One key result of regular negative interactions with police forces is the distrust and disdain for the police that is common amongst Black people, which results in incidents like the recent Oakland beating, where people who need to be held accountable may not be. The fear of testifying or “snitchin” is directly linked to the idea that the police cannot be trusted to protect a person when it counts, which is often the case.

The police are one part of a criminal justice system that is still demonstrably unjust in its dealings with Black people. This is not about hating individual police officers(My sister, whom I love dearly, is in law enforcement), it is about a way of doing things that is resulting in the absolute destruction of an entire segment of the Black population. 1 in 3 Black males between the ages of 20 and 29 is under some form of correctional supervision or control. (For more detailed statistics, check out www.hrw.org, and http://www.ojp.usdoj.gov/bjs/welcome.html).

Police misconduct is not the only reason that Black men in America are going to prison. There are aspects of this problem that we can and should deal with ourselves, in our communities. Although there are extreme problems in the criminal justice system, there are also problems in Black communities that contribute to this path of destruction (that will be another post). However, a large part of the problem is the disparate way in which the criminal justice system has and does treat Black people.

We must start at the most basic level first. Knowing what our rights are when interacting with the police is imperative. Document/report any negative interaction you have with a police officer(this can include contacting city council, mayor’s office, or other representative, and even the press). Utilize the internet to spread the word or concern about a particular incident, including petitions if the situation calls for it.

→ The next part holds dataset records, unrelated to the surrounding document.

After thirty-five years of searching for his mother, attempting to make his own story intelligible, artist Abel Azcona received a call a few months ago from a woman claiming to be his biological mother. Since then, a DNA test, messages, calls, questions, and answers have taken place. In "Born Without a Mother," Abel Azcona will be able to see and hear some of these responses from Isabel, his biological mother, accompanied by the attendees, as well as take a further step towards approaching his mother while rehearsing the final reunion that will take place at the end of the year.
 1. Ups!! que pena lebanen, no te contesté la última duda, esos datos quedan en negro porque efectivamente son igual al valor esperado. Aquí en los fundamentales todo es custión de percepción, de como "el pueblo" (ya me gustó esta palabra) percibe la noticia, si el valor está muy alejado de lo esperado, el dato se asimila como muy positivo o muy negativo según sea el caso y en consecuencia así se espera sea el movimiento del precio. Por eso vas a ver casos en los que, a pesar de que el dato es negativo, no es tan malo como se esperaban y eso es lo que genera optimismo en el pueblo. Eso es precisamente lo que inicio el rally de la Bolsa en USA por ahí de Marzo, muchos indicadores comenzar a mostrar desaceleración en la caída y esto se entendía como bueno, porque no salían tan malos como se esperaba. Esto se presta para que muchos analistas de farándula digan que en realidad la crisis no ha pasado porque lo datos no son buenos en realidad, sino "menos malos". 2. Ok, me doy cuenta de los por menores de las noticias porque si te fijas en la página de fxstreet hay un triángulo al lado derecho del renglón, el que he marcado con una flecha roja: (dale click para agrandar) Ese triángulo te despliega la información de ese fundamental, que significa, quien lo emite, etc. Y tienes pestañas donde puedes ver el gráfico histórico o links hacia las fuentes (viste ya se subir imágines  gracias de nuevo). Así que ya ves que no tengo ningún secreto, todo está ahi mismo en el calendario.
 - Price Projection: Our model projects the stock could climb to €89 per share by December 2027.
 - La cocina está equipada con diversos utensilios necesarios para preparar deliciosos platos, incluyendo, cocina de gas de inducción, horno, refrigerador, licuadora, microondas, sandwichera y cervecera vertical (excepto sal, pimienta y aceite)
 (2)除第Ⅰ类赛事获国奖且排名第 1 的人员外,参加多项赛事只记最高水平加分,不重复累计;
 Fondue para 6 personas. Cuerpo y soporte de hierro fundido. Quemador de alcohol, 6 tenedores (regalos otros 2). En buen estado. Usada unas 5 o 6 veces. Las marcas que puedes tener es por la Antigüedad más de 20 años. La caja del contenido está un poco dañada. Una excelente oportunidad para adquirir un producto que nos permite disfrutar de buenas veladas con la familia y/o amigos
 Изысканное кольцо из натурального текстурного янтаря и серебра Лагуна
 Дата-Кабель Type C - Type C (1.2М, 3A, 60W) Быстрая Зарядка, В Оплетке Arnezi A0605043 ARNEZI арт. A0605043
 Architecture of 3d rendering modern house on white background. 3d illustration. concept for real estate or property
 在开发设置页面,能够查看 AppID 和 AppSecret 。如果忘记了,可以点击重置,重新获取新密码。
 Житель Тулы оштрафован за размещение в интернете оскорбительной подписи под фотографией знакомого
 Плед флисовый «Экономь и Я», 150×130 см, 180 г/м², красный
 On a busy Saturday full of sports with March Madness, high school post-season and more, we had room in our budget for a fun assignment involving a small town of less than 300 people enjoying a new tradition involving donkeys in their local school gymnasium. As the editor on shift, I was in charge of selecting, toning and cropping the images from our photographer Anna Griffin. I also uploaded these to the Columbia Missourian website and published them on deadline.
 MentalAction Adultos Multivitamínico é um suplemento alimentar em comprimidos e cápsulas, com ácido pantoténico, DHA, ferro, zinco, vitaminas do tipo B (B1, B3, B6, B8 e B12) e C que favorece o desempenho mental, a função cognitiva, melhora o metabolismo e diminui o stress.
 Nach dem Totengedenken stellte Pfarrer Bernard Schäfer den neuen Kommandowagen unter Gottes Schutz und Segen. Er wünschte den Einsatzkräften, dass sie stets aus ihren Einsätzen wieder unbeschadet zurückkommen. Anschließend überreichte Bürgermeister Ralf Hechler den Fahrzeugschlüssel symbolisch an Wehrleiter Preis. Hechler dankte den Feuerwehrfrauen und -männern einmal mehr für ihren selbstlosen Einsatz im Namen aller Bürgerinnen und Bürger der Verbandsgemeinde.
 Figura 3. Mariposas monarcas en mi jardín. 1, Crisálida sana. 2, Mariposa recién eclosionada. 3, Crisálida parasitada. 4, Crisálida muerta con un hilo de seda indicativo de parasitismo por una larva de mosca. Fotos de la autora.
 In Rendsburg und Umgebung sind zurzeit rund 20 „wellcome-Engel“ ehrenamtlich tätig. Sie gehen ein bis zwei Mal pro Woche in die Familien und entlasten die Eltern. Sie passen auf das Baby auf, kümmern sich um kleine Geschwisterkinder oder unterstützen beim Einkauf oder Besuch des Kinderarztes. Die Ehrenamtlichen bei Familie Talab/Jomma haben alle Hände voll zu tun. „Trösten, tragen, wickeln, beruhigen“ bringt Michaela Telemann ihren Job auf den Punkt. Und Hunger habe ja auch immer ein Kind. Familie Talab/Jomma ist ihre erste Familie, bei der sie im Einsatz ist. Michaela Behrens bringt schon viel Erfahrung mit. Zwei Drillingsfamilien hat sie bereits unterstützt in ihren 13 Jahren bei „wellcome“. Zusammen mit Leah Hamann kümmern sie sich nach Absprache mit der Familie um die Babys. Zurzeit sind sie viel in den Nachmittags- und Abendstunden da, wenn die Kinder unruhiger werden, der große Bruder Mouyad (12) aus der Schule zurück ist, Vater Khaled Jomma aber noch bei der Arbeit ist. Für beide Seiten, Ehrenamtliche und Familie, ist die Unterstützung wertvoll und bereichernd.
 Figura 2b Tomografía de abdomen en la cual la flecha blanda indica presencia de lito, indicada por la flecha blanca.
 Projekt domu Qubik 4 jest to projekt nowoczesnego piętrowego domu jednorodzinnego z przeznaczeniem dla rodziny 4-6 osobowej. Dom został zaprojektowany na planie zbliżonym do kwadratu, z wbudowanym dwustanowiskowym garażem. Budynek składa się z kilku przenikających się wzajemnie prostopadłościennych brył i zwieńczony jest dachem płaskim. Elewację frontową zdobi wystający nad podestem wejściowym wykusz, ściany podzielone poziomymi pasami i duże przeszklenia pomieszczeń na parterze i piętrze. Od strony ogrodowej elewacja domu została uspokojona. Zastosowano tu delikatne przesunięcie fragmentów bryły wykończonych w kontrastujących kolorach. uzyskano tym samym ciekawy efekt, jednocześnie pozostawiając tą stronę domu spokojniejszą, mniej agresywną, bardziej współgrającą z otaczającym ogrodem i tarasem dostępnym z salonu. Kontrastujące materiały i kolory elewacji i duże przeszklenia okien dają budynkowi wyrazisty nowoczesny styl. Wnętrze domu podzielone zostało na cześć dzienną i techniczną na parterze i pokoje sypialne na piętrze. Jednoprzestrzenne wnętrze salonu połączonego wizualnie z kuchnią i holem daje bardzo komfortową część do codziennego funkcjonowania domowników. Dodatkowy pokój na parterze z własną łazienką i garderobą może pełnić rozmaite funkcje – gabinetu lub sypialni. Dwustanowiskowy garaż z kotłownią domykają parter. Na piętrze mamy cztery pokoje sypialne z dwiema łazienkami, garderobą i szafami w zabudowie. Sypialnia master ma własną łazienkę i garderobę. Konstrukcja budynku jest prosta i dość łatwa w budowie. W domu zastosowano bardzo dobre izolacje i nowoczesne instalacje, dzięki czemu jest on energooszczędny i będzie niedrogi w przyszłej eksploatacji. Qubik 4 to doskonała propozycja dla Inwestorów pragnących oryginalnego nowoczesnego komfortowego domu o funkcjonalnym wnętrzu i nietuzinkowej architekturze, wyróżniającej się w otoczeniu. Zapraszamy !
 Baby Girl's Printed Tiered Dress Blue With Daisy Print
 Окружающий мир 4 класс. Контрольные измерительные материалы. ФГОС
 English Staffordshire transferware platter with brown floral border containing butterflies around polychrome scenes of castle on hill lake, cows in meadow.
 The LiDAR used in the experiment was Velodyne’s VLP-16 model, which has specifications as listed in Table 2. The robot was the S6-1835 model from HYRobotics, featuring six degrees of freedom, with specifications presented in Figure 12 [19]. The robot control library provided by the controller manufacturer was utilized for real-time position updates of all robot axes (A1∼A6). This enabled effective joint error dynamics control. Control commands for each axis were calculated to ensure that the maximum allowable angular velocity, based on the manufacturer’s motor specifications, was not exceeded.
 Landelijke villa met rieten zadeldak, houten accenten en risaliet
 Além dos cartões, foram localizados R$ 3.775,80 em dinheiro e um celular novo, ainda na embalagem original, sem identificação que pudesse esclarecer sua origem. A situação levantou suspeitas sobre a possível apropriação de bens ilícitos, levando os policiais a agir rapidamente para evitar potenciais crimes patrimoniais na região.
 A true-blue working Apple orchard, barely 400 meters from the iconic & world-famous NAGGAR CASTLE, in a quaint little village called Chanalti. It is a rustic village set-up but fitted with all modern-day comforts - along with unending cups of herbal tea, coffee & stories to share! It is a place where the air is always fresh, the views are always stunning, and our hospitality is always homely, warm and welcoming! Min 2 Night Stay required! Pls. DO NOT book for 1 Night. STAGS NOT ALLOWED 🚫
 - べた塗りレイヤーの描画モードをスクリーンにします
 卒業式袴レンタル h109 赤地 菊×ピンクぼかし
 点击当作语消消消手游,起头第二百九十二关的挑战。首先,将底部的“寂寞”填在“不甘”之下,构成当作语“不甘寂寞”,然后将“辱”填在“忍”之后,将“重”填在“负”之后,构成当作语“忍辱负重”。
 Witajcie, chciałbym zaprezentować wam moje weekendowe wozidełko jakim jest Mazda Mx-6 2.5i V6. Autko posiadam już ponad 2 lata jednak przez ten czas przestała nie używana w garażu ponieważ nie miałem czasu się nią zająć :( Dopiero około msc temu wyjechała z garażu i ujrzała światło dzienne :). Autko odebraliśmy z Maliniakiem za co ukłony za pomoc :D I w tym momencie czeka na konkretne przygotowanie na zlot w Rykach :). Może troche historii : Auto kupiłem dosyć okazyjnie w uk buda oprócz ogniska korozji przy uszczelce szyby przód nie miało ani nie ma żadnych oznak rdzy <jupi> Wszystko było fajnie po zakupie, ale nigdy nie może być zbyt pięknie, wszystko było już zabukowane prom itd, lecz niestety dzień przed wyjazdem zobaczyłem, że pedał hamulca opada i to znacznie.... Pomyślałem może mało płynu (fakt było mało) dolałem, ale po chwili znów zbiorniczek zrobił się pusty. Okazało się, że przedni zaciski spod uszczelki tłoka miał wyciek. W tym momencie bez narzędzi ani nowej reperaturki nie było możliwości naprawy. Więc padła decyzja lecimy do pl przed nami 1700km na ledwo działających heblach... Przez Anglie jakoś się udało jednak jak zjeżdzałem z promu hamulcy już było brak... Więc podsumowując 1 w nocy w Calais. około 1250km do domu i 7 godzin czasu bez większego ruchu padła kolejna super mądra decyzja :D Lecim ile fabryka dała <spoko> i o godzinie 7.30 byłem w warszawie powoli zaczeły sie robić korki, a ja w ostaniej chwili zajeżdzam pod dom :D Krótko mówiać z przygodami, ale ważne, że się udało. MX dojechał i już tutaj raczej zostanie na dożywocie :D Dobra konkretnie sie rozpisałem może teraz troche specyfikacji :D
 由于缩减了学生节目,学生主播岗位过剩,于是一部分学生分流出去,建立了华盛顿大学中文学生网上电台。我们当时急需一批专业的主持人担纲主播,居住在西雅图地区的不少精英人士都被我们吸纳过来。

In reality, there is a delusional segment of the population (possibly brainwashed by years of “tough on crime” propaganda) that will find a way to justify any act of police brutality, no matter how despicable. For everyone else, it is imperative to make it known ,through words and action, that this is a serious issue (even if this means addressing President Obama’s continued silence on the matter). As stated before, many lives are at stake. You don’t want to be the next face on that youtube screen.